Assignment
Output exactly the lines below, starting with the line that has "ganz ohne abtippen" and going on through the line that has "Your custom tiles", both included, and no other lines.
══ Dataset excerpts
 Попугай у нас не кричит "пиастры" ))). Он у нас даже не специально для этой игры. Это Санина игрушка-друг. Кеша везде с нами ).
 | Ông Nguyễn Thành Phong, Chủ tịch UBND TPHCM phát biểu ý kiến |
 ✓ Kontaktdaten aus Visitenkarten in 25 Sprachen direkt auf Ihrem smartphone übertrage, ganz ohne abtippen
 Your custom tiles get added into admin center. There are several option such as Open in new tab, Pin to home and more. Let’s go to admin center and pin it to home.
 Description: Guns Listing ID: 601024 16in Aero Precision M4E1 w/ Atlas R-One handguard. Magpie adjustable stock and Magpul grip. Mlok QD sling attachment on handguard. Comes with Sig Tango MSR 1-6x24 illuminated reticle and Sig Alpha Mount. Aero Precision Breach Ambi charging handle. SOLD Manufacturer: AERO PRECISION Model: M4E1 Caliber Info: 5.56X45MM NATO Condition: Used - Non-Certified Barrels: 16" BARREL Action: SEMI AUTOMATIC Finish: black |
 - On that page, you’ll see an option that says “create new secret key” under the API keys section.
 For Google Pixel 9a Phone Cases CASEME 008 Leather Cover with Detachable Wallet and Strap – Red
════
══ Dataset excerpts
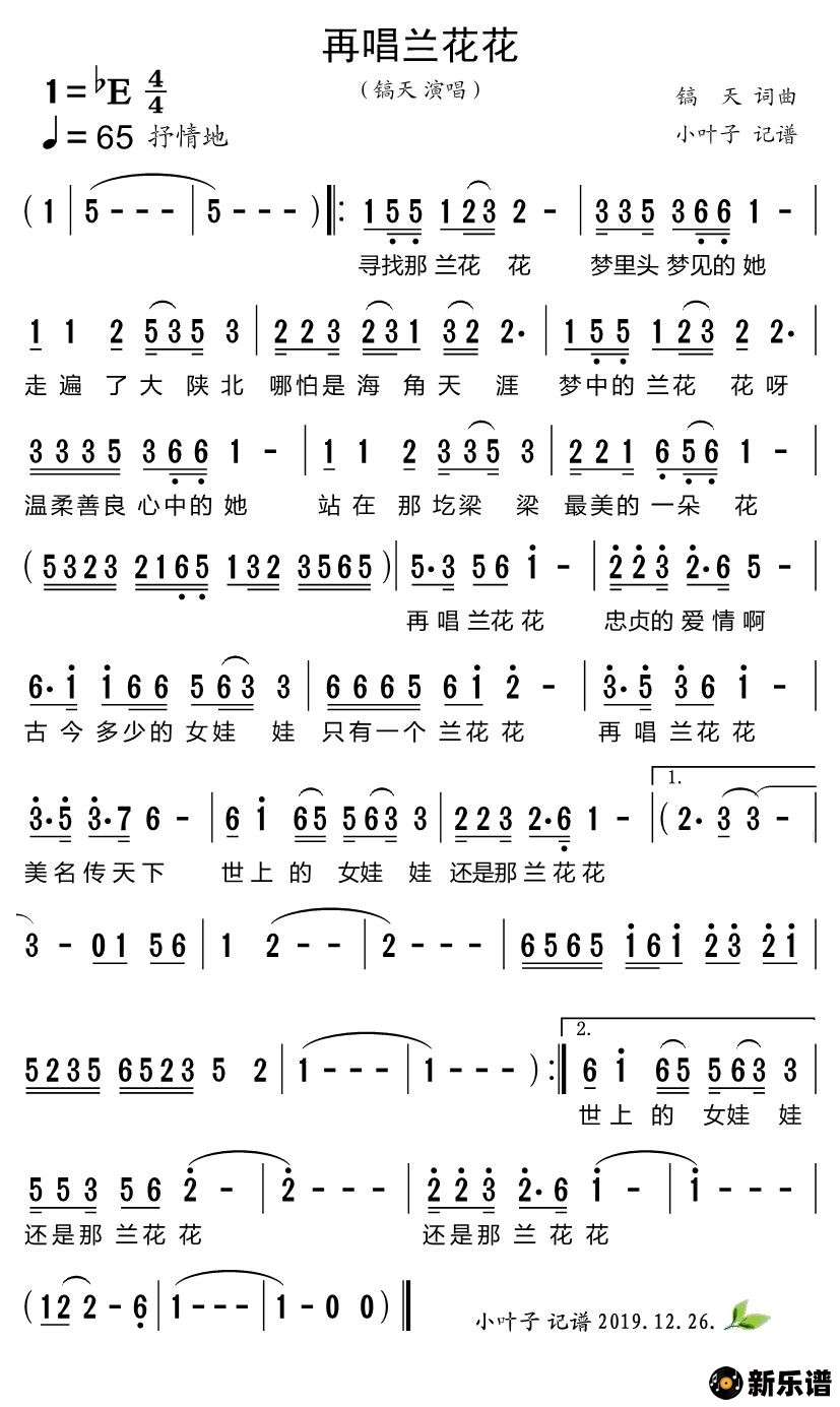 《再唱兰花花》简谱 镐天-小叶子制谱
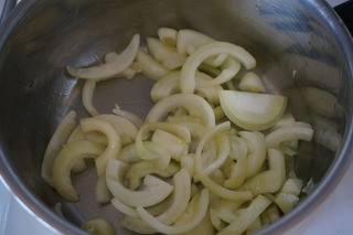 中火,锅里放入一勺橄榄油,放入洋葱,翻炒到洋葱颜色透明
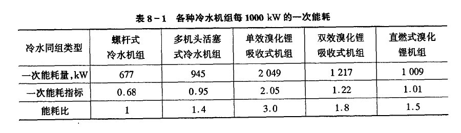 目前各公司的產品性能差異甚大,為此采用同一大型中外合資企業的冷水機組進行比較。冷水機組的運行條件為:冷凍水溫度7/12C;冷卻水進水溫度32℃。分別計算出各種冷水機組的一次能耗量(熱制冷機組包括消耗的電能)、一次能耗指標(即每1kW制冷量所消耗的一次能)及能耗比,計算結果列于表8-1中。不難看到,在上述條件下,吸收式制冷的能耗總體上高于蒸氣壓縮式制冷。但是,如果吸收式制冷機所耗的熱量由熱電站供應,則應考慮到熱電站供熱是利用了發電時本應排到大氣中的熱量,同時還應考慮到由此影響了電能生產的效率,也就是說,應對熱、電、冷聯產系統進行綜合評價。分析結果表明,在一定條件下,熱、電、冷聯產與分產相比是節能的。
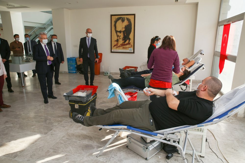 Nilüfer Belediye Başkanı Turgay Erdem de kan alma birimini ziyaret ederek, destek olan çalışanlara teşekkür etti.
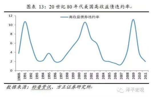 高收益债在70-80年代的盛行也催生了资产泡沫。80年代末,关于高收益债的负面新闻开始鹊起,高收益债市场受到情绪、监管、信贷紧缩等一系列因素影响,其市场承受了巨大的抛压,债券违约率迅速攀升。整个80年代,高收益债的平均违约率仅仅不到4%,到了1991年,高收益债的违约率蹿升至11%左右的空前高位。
════
══ Dataset excerpts
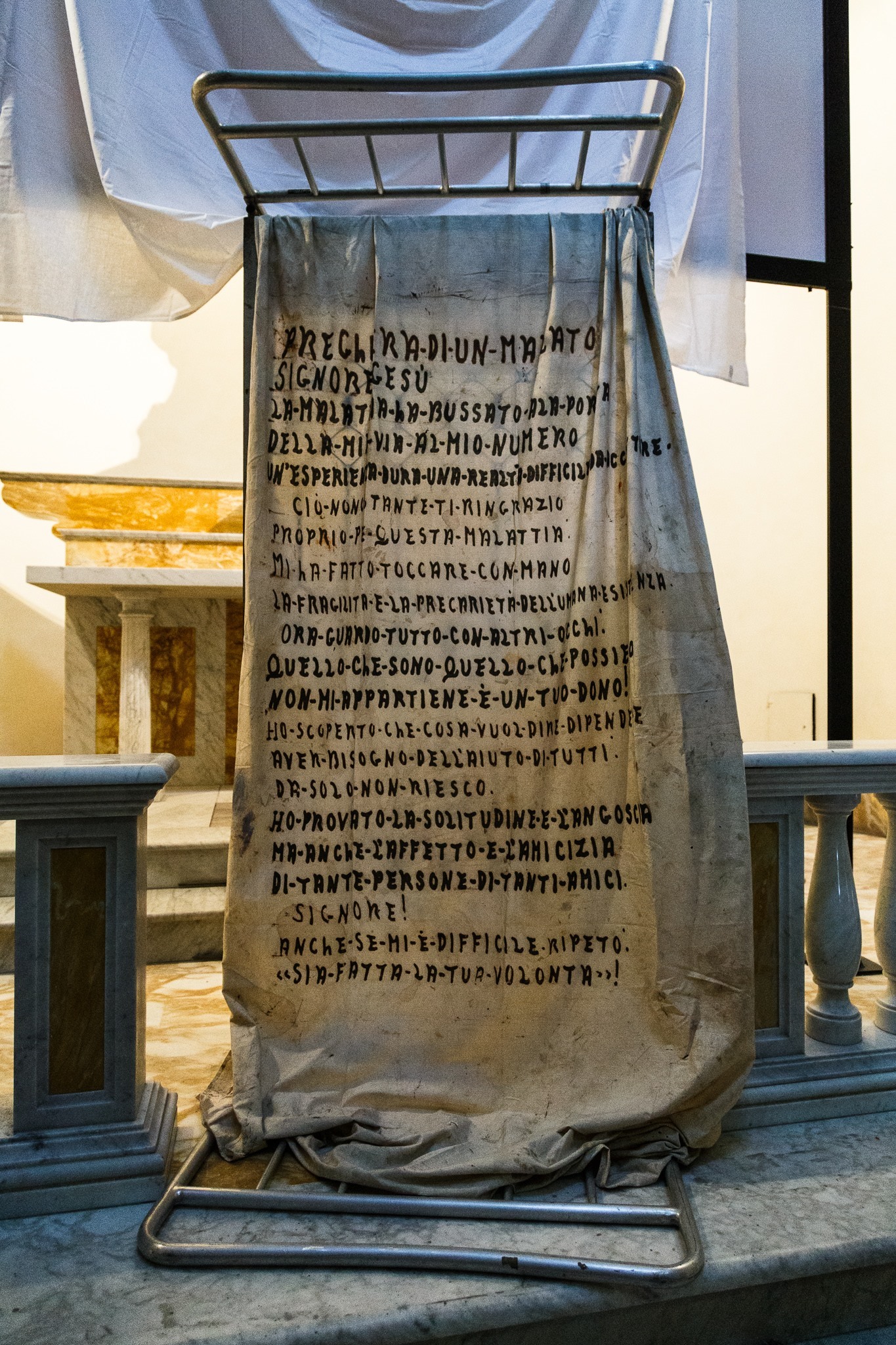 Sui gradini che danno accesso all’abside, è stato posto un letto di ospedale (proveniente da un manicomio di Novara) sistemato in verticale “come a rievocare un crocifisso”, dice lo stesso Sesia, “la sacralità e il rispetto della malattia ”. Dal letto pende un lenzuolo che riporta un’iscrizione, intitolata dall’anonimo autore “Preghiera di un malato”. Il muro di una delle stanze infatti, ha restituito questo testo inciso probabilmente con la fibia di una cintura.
════
Answer section
 ✓ Kontaktdaten aus Visitenkarten in 25 Sprachen direkt auf Ihrem smartphone übertrage, ganz ohne abtippen
 Your custom tiles get added into admin center. There are several option such as Open in new tab, Pin to home and more. Let’s go to admin center and pin it to home.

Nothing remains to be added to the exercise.